YOUR OBJECTIVE
In the entries below, which lines run from the one with "F4VA1 shirt finisher" through the one with "BULK. Page 256."? Repeat exactly those, both included, and no pictures.

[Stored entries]
——————

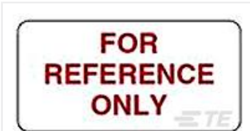
TE Part #1878645-2 MAM136
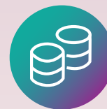
Data Clearance iBoT
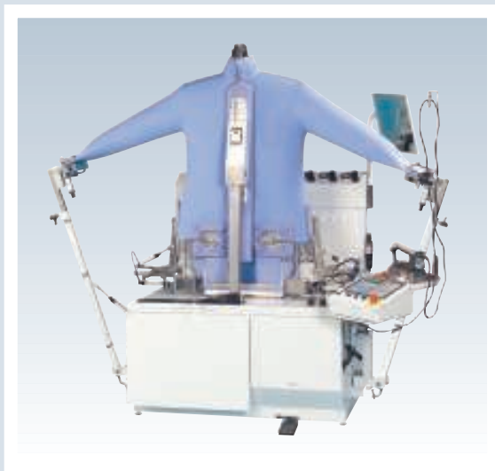
F4VA1 shirt finisher

The machines are easy to use, even for unskilled operators, ensuring high output and consistency. In fact, one operator can process up to 40 shirts every hour*.
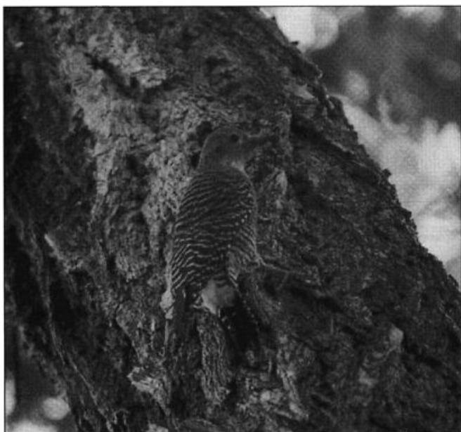
This confiding female Williamson's Sapsucker near Kenton 18 Sep 1999 represented only the second documented record for Oklahoma.
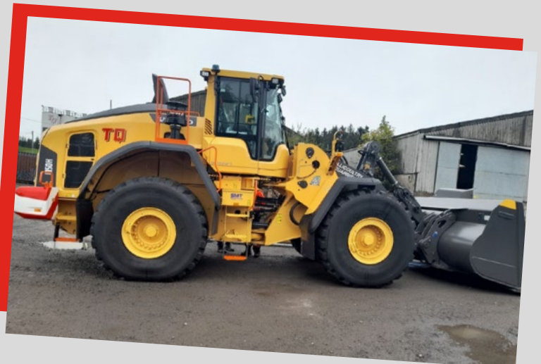
New Volvo L150 for Clydebridge
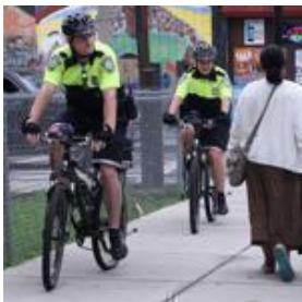
Detering crime on 2 wheels
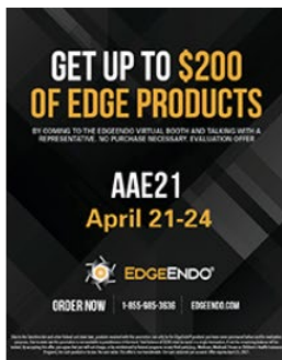
Visit the EdgeEndo Booth
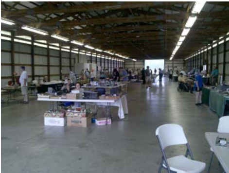
Inside vender area
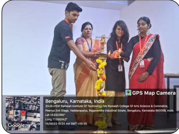
Hindi Diwas 15 th Sep 2023

The Department of Hindi conducted several competitions on the occasion of Hindi diwas. Nibandh lekhan and Aashubhashan and Shaayari were conducted on September 7th and 8th respectively. Students from all the departments actively participated and made it a grand success. The best participants were selected and awarded prizes on 15 September, Hindi Diwas in the APJ Abdul Kalam auditorium.
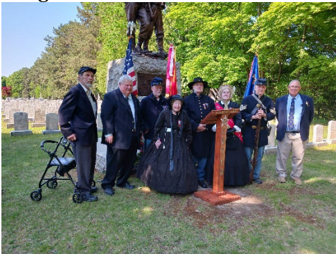
Members of Lincoln Camp #6 and the DUVCW at Holy Sepulchre Cemetery in Rochester
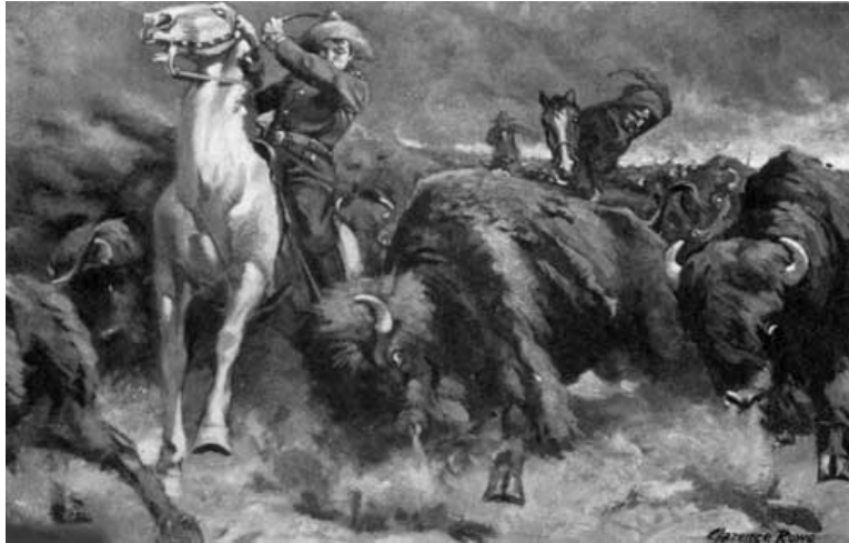
A WAR FOR THE OPEN ROAD AGAINST AN ENEMY WHOSE ONLY WEAPON WAS HIS UNSWERVING BULK. Page 256.

in the swirling maw of a whirlpool; we fought our way rod by rod. Here an opening, and we shot through; there a solid wall of flesh for whose passing we halted, lashing out with quirts and spurring desperately to hold our own—a war for the open road against an enemy whose only weapon was his unswerving bulk. And we won. We pushed, twisted, spurred our way through the ranks of a hundred thousand bison. Jostling, cursing the brute swarm, we crowded our horses against the press, and lo! of a sudden we reined up on open ground—the bison, like a nightmare, were gone. Off in the gloom to one side of us a myriad of hoofs beat the earth, the hoarse coughings continued, the animal odor exhaled—but it was no longer a force to be reckoned with. We were free. We had outflanked the herd.
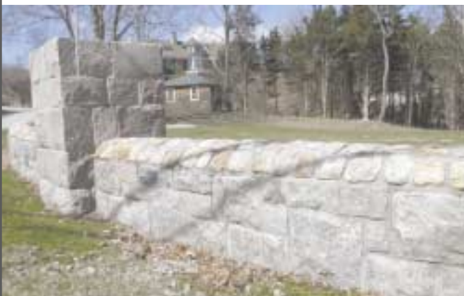
This picture shows the use of Westerly Pink in a recent restoration of an historic wall in Watch Hill. Westerly Pink was integrated with existing stones on the site to restore the wall to its original splendor.
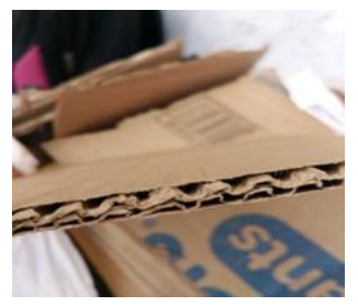
Fig. (1) Cardboard

aggregate by cardboard sludge to gain compressive strength of cubic specimen.
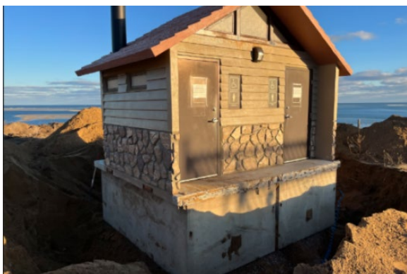
The vault toilet facility before its relocation.

GAOA LRF is funding Maintenance Action Teams (MATs) in the National Park Service and U.S. Fish and Wildlife Service. MATs are teams of federal employees, and in some cases NPS interns and members of youth and service corps, who can quickly mobilize across their region to complete smaller scope repair, rehabilitation, or historic preservation activities.
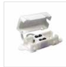
Low Voltage Splice Box

Splits power line connector into two separate leads, requires power line interconnects. Available in black or white.
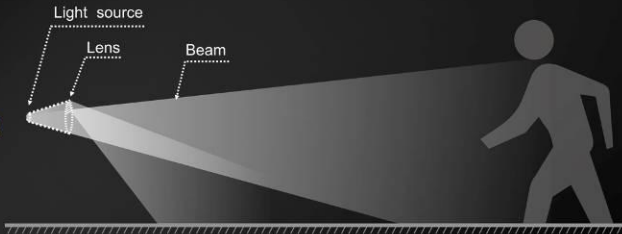
Fenix Bike Light

The upward beam of the Fenix bike light is refracted to the ground rather than shine into the eyes of pedestrians.
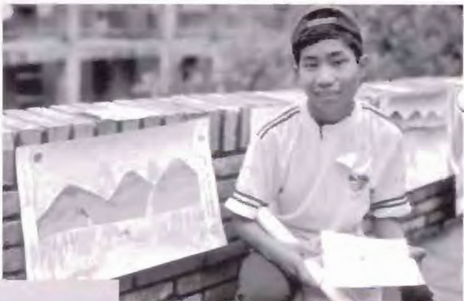
Participants in the "Crane: the Bird of Peace" art exchange are excited that their art will be traveling around the world... through ICF to a school in Wisconsin.

survival of Sarus in Nepal and neighboring India has been largely due to the belief that if a crane nests in a farmer's rice paddy, it will bring good luck to the crop. Traditional beliefs and values that once defended the Sarus, however, are slowly giving way to modern technology that
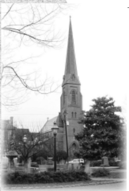
All Saints Episcopal Church
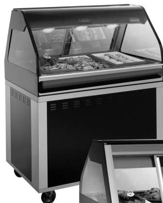
EU2SYS-48 FRONT VIEW SHOWN WITH OPTIONAL CASTERS
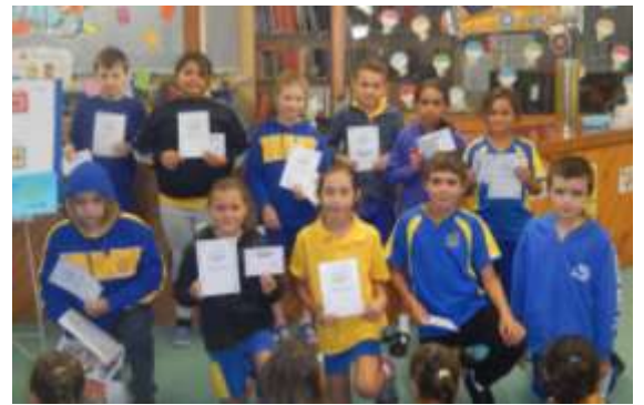
Birruwa Bronze & Silver awards
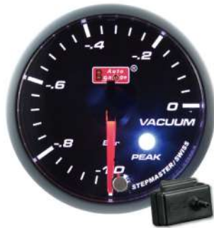
AGVASMBLSWL270-60PK ELECTRICAL VACUUM GAUGE ! ≥0BAR
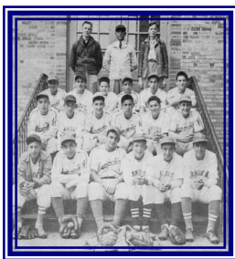
The 1946 Hammonton High School Varsity Base- ball Team.

Our Collection... includes a wide variety of materials related to our Mission. These items include, photographs, books, historic documents, artwork and artifacts. This pamphlet showcases just a sample of the photographic treasures you will discover in the museum.
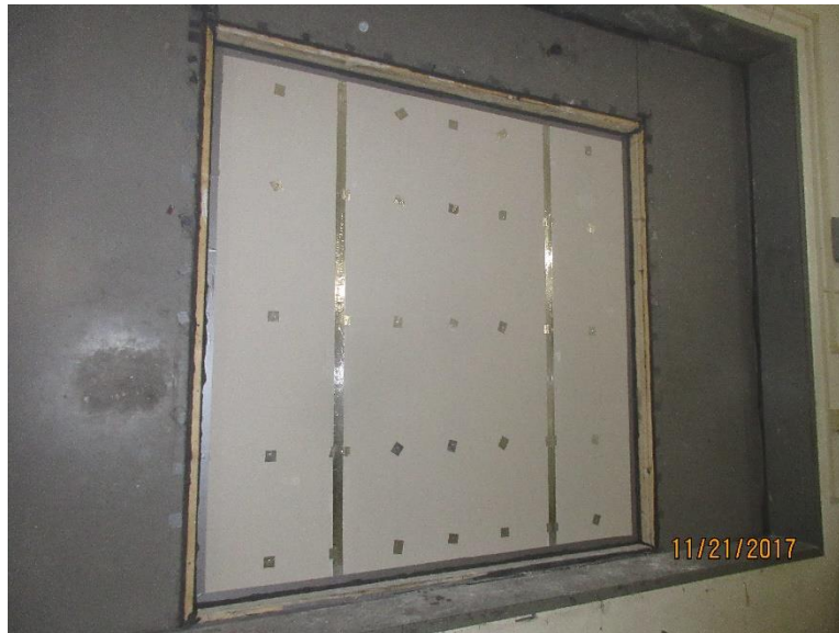
Photo No. 2 Source Room View of Installed Test Specimen
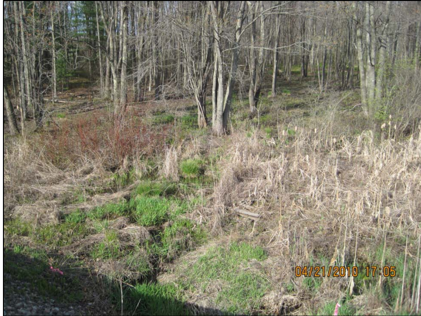
Shallow emergent marsh (E10, Guilderland, Albany County)
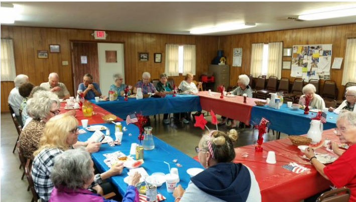
May Senior Luncheon with Bingo games
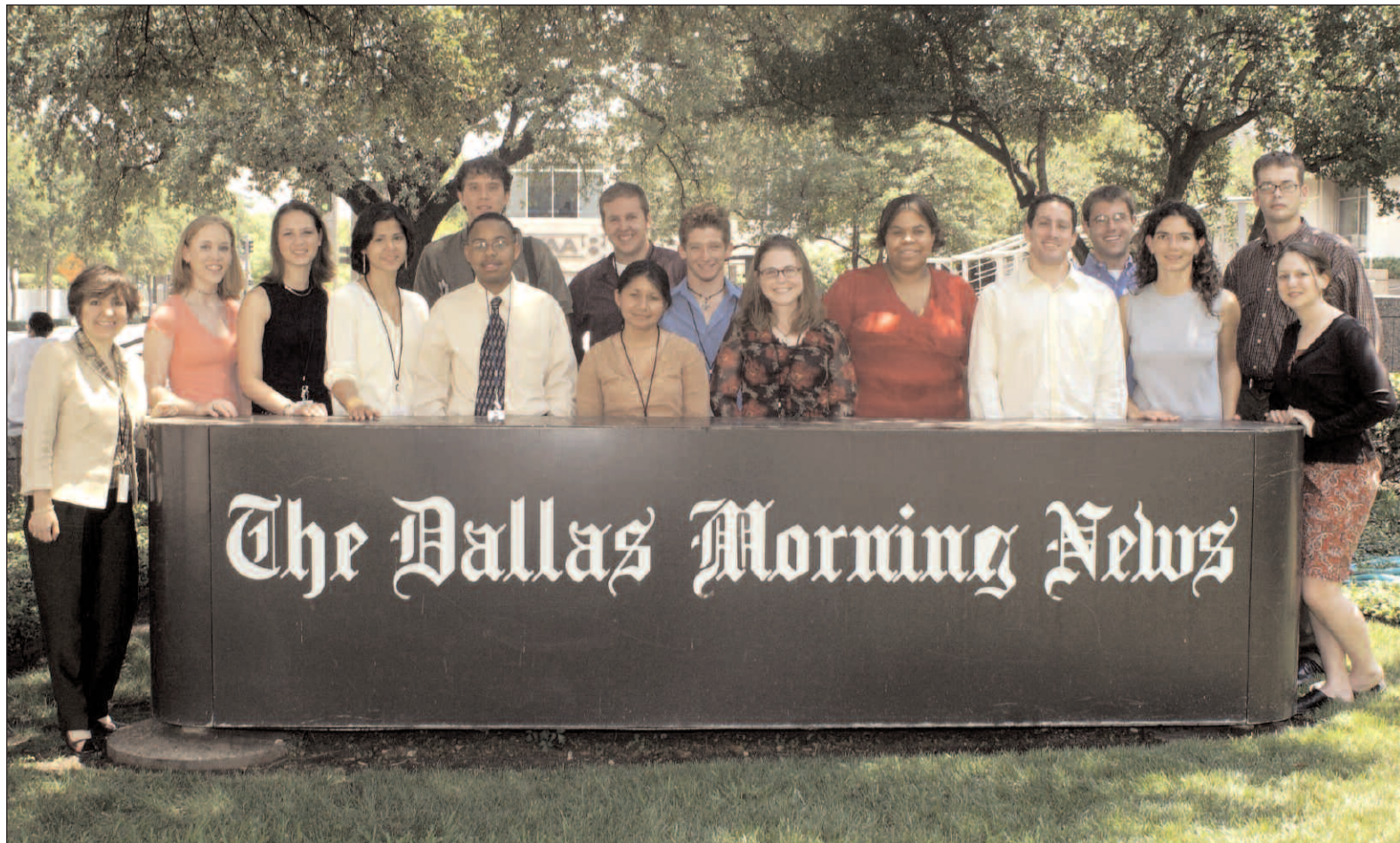
Class of 2003

T he Dallas Morning News , Texas' leading newspaper, offers a variety of newsroom internships including the news, copy editing, business, features and sports departments. Additional internships are available for photography, graphic arts, editorial writers and the reference department.
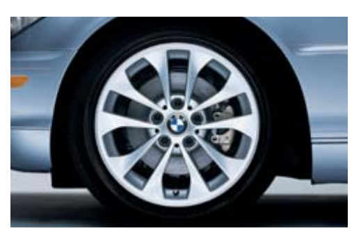
■ The 330Ci with 17 x 7.0 Double Spoke (Styling 98) alloy wheels, and 205/50R-17 all-season tires.
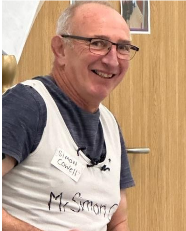
Sim Cowell turned up to judge!
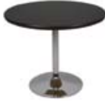
CT302 CAFE TABLE Black, Grey, White 36"Dia.x30"H

——————

RESULT
F4VA1 shirt finisher

The machines are easy to use, even for unskilled operators, ensuring high output and consistency. In fact, one operator can process up to 40 shirts every hour*.
This confiding female Williamson's Sapsucker near Kenton 18 Sep 1999 represented only the second documented record for Oklahoma.
New Volvo L150 for Clydebridge
Detering crime on 2 wheels
Visit the EdgeEndo Booth
Inside vender area
Hindi Diwas 15 th Sep 2023

The Department of Hindi conducted several competitions on the occasion of Hindi diwas. Nibandh lekhan and Aashubhashan and Shaayari were conducted on September 7th and 8th respectively. Students from all the departments actively participated and made it a grand success. The best participants were selected and awarded prizes on 15 September, Hindi Diwas in the APJ Abdul Kalam auditorium.
Members of Lincoln Camp #6 and the DUVCW at Holy Sepulchre Cemetery in Rochester
A WAR FOR THE OPEN ROAD AGAINST AN ENEMY WHOSE ONLY WEAPON WAS HIS UNSWERVING BULK. Page 256.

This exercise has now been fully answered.